Elle souligne égale­ment que, dans le cadre des procé­dures en vigueur con­cer­nant les risques que présen­tent les matières en con­tact avec les pro­duits ali­men­taires, seule la tox­i­c­ité de ces matières pre­mières est éval­uée. « De fait, les inter­ac­tions entre deux ou plusieurs de ces sub­stances chim­iques ne sont pas pris­es en compte. Les asso­ci­a­tions présentes dans le pro­duit fini ne sont pas analysées. Or une sub­stance qui peut ne pas être nocive en soi peut l’être en asso­ci­a­tion avec d’autres. »
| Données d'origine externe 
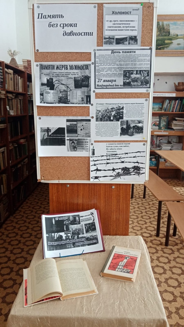 К этой дате в библиотеке Билярской школы была оформлена выставка-память «Без срока давности», на которой представлена художественная литература и информация где говорится о чудовищных злодеяниях фашистов за колючей проволокой лагерей смерти.27 гыйнвар-Халыкара Холокост корбаннарын искә алу көне.
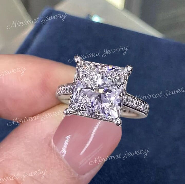 Handmade 4 CT Princess Cut moissanite Engagement Ring,Luxury Celebrity Style engagement...

De plus, les effets tox­i­cologiques ne sont générale­ment pas pris en compte dans le cadre des exa­m­ens du cycle de vie des pro­duits per­me­t­tant de déter­min­er leur empreinte car­bone. À l’heure actuelle, les avan­tages envi­ron­nemen­taux pri­ment sur l’absence de tox­i­c­ité chim­ique. Lisa Zim­mer­mann plaide en faveur d’une meilleure préven­tion des risques dans le cadre de la mise au point de sub­sti­tuts au plas­tique, de façon à veiller à ce que ces derniers con­stituent un véri­ta­ble progrès.